Para entender la profundidad del shock hay que tener en cuenta que las cumbres de la OTAN nada tienen que ver con las de la UE u otros organismos. Está todo coreografiado, trabajado. Los textos vienen cerrados por los embajadores y ministros, las declaraciones están medidas al detalle, los secretarios generales nunca improvisan. Ese vuelve a ser el objetivo esta semana, con un Joe Biden necesitado de apoyo internacional y de reforzar su figura de "líder del mundo libre", y con la única cuestión medio abierta siendo Ucrania.
La decepción de Ucrania
Según Jens Stoltenberg, secretario general de la OTAN en su último servicio, tras mantenerse en el cargo más que nadie antes, la cumbre de Washington se centrará en tres temas principales. El primero, consolidar "la defensa y la disuasión, el negocio principal de la OTAN". El segundo, recalcar que los aliados estarán hasta el final con los esfuerzos de Ucrania por defenderse. El tercero es el fortalecimiento de las relaciones de la OTAN, sobre todo en el Indo-Pacífico.
En Vilna, hace un año, Zelenski salió tocado y tampoco se irá de Washington feliz. La OTAN no va a poner por escrito algo que acerque más o formalice un futuro ingreso. Ya dijo en Lituania que "su futuro está en la OTAN", pero no hay margen para profundizar, así que el pacto es ofrecerle un paquete con una especie de opción puente y asistencia económica. Pero menor de lo esperado.

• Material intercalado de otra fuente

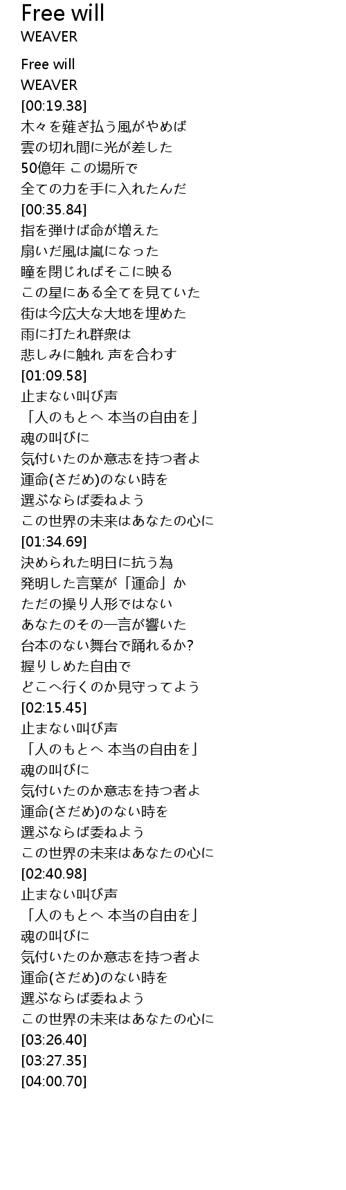 | [00:00.00] | Free will |
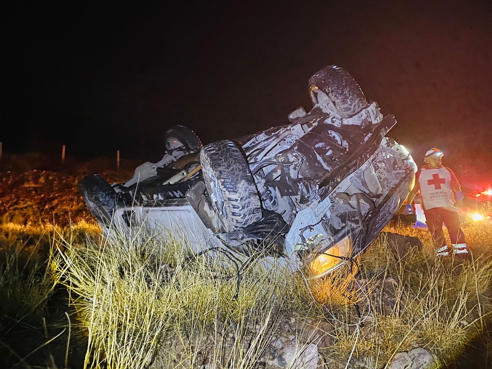 Un fuerte accidente vial tipo volcadura se registró la noche de ayer en la carretera que conduce de Meoqui a Chihuahua, a la altura del kilómetro 182 pasando San Diego de Alcalá.

2024 ha sido muy difícil en ese sentido. La UE sudó sangre para aprobar un paquete de asistencia por el boicot húngaro, y el Congreso de Estados Unidos lo mismo por la división, sobre todo por el sector más radical del Partido Republicano y el trumpismo sociológico, que en un giro impensable en las primeras décadas de la historia de la OTAN, se ha vuelto prorruso o por lo menos no contrario a su imperialismo. El secretario saliente Stoltenberg quería poner encima de la mesa la cifra de 100.000 millones para los próximos cinco años, pero no lo consigue. Serán 40.000 millones para este año, pero ni siquiera de dinero fresco.
Kiev necesita munición, piezas de artillería, defensas antiaéreas, cazas F16, tanques. Pero la Alianza mantiene líneas rojas: no soldados (a pesar de lo exabruptos franceses) ni membresía mientras no haya paz, porque las consecuencias de activación de cláusulas de defensa colectiva implicarían una guerra total.
No todos los países tienen claro qué es lo mejor, y los expertos en política internacional están igual. En una carta, hasta 60 profesores o miembros de think-tanks norteamericanos han pedido que la OTAN no abra la puerta a un ingreso rápido, ni ponga una fecha. "Cuanto más se acerque la OTAN a prometer que Ucrania se unirá a la Alianza una vez que termine la guerra, mayor será el incentivo para que Rusia siga librando la guerra", dice el documento. "Los desafíos que plantea Rusia se pueden gestionar sin incorporar a Ucrania a la OTAN".
Gobiernos europeos piensan así. Algunos, como los más cercanos a Moscú, por intereses espurios. Pero otros, con el bienestar ucraniano en mente, creen que es ir demasiado lejos. Que una cosa es mandar un asesor civil de la Alianza a Kiev de forma permanente, como se prevé aprobar en la cumbre. Y otra poner una fecha clara a un país que está en guerra.